* [Exercise directions]: Print the data below again in full, exactly as it stands, with no images.
- - -
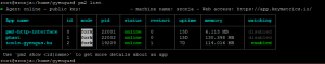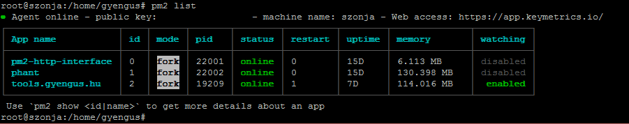 Konzolon belépve a pm2 list parancs segítségével kérhetjük le a futó alkalmazások listáját:
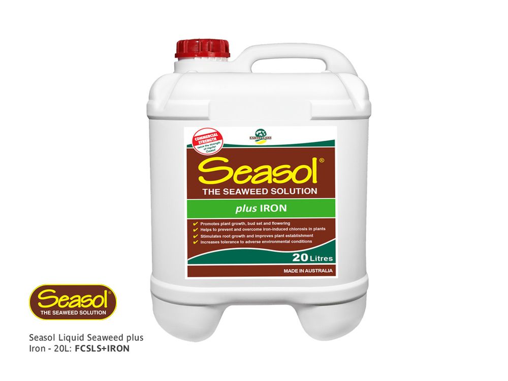 Seasol plus Iron is a superior combination of Australia’s finest seaweed concentrate and chelated iron. It has all the benefits of Seasol, with a maintenance dose of iron to help in preventing or overcoming chlorosis.
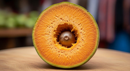 Close up of vibrant orange fruit slices arranged on a rustic wooden board, showcasing their natural seeds and texture. Perfect for healthy recipes.
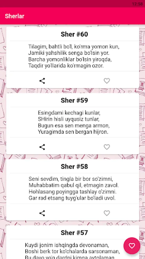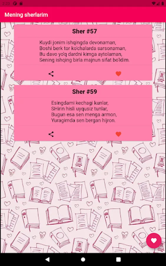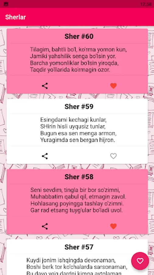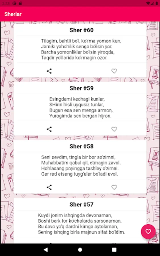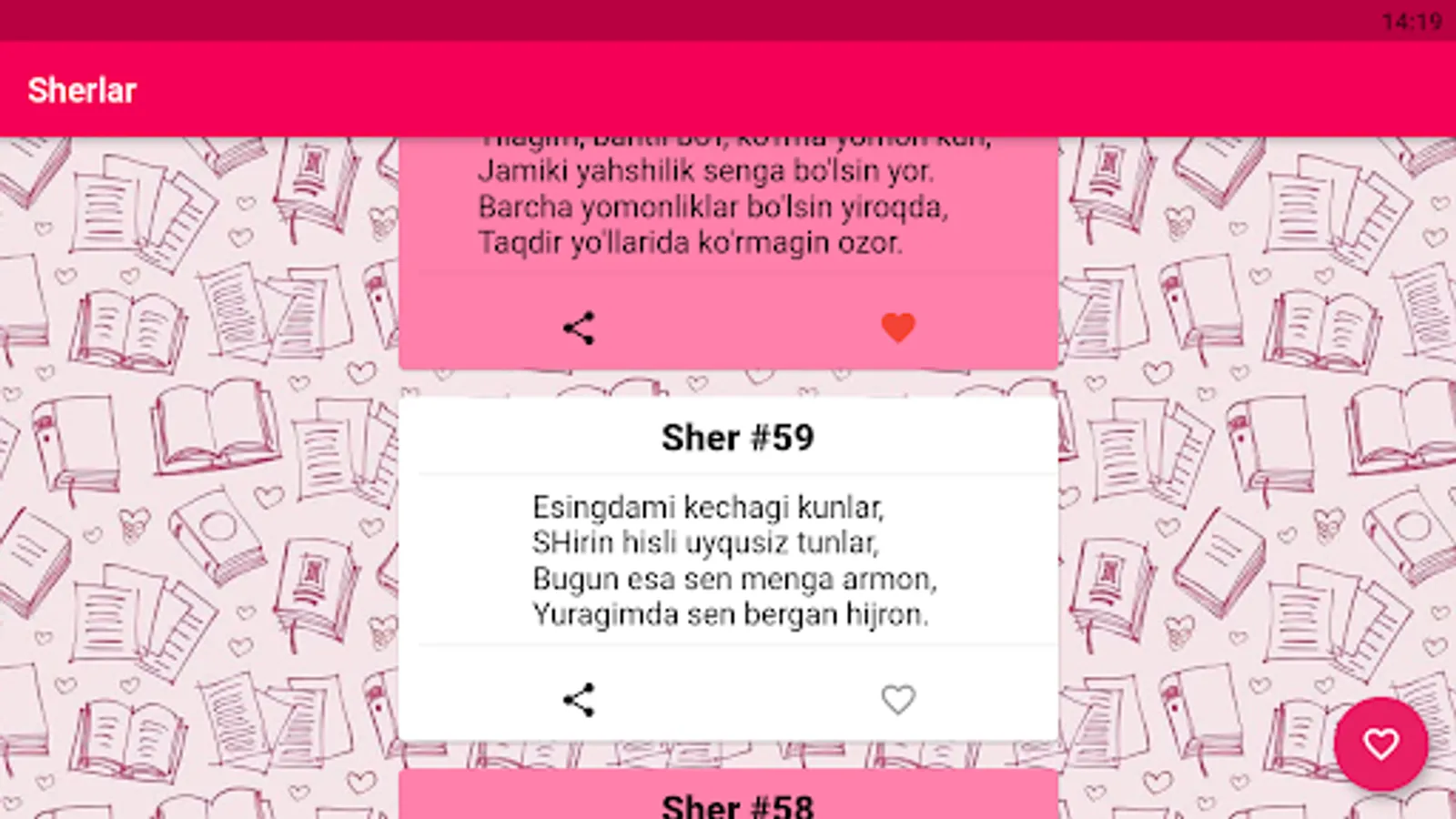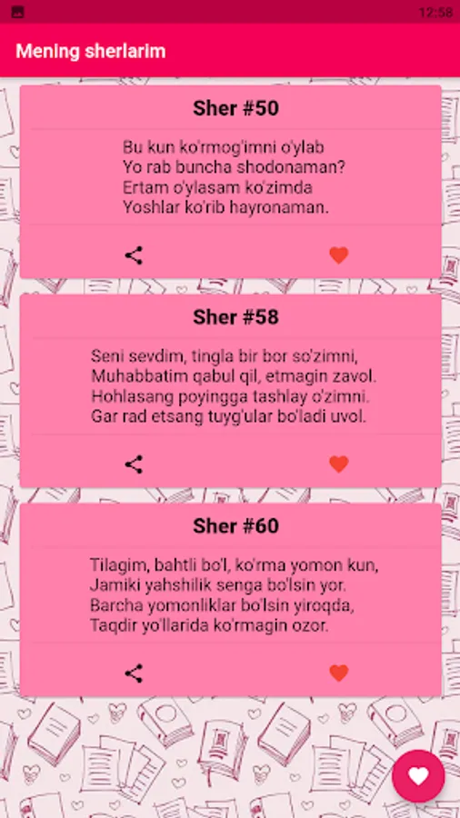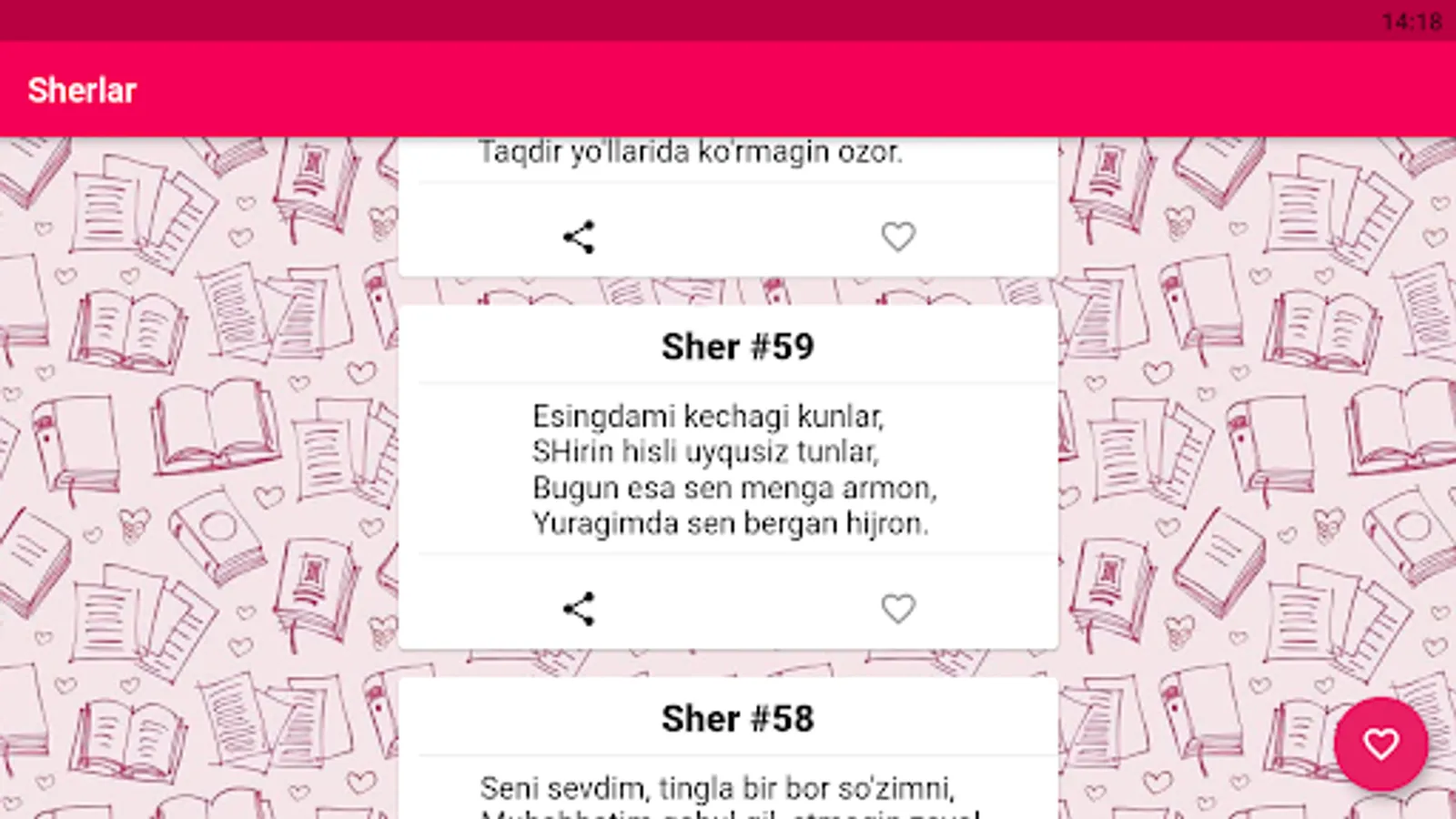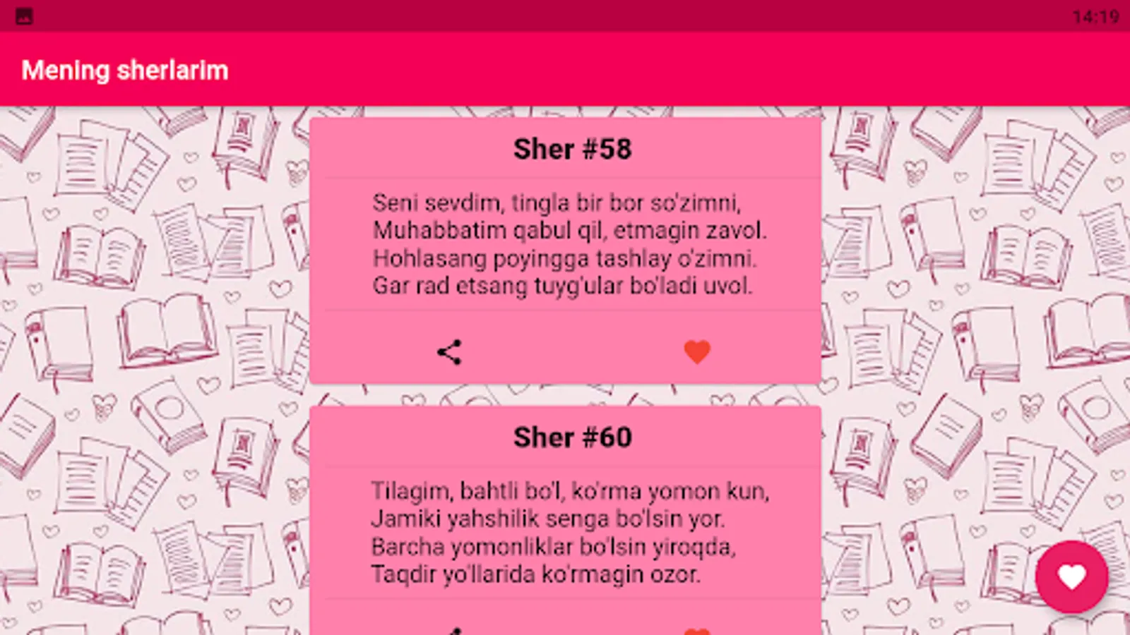 Sevgi sherlar ilovasi vaqti-vaqti bilan yangilanib turadigan ko'plab sevgi she'rlarini taqdim etadi va ularni "Mening tanlaganlarim" da saqlash, shuningdek, kontaktlaringizga yuborish imkonini beradi.
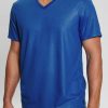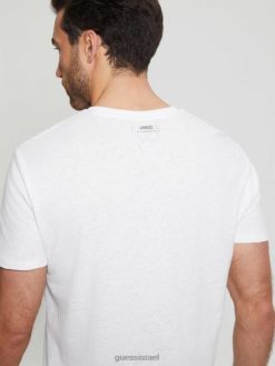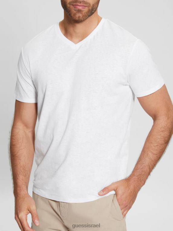 GUESS גברים חולצה אקולוגית בתערובת פשתן עם צווארון V F8RV3992 לבוש מולטי לבן טהור
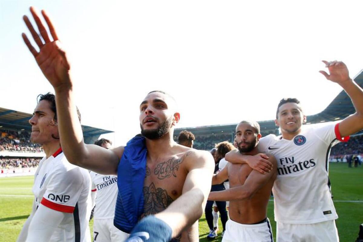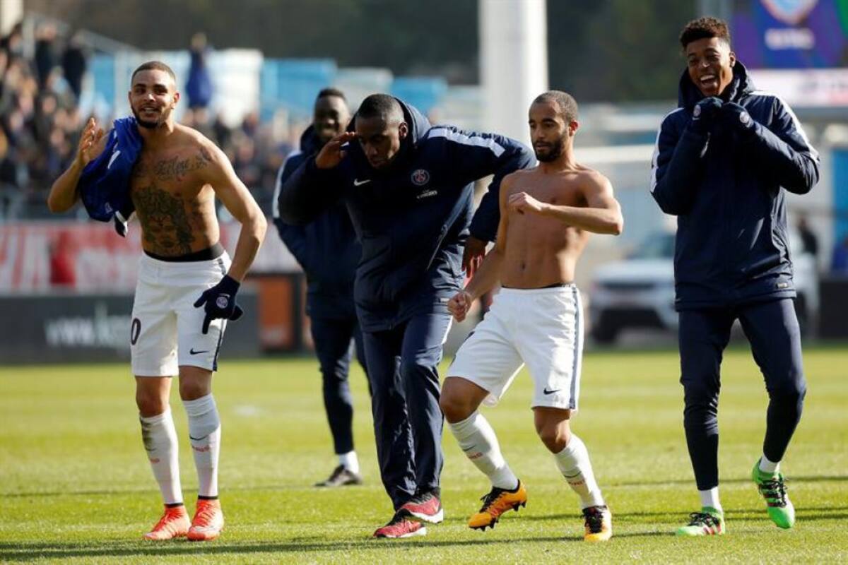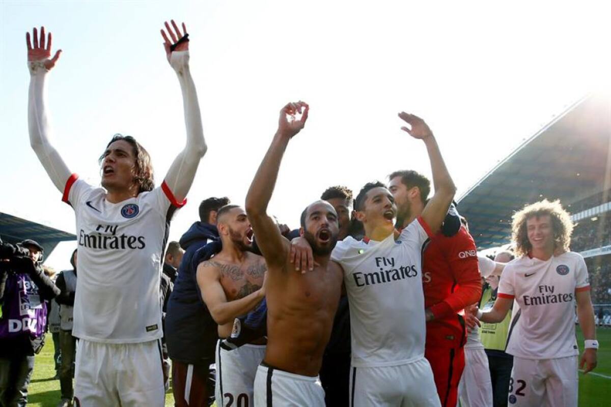 • Jugadores París Saint Germain celebran el título de la Ligue 1 después de su victoria 9-0 durante la Ligue 1 emparejamiento de fútbol francesa entre Estac Troyes y París Saint-Germain.
- - -
* [Task output]:
 Konzolon belépve a pm2 list parancs segítségével kérhetjük le a futó alkalmazások listáját:
 Seasol plus Iron is a superior combination of Australia’s finest seaweed concentrate and chelated iron. It has all the benefits of Seasol, with a maintenance dose of iron to help in preventing or overcoming chlorosis.
 Close up of vibrant orange fruit slices arranged on a rustic wooden board, showcasing their natural seeds and texture. Perfect for healthy recipes.
 Sevgi sherlar ilovasi vaqti-vaqti bilan yangilanib turadigan ko'plab sevgi she'rlarini taqdim etadi va ularni "Mening tanlaganlarim" da saqlash, shuningdek, kontaktlaringizga yuborish imkonini beradi.
 GUESS גברים חולצה אקולוגית בתערובת פשתן עם צווארון V F8RV3992 לבוש מולטי לבן טהור
 • Jugadores París Saint Germain celebran el título de la Ligue 1 después de su victoria 9-0 durante la Ligue 1 emparejamiento de fútbol francesa entre Estac Troyes y París Saint-Germain.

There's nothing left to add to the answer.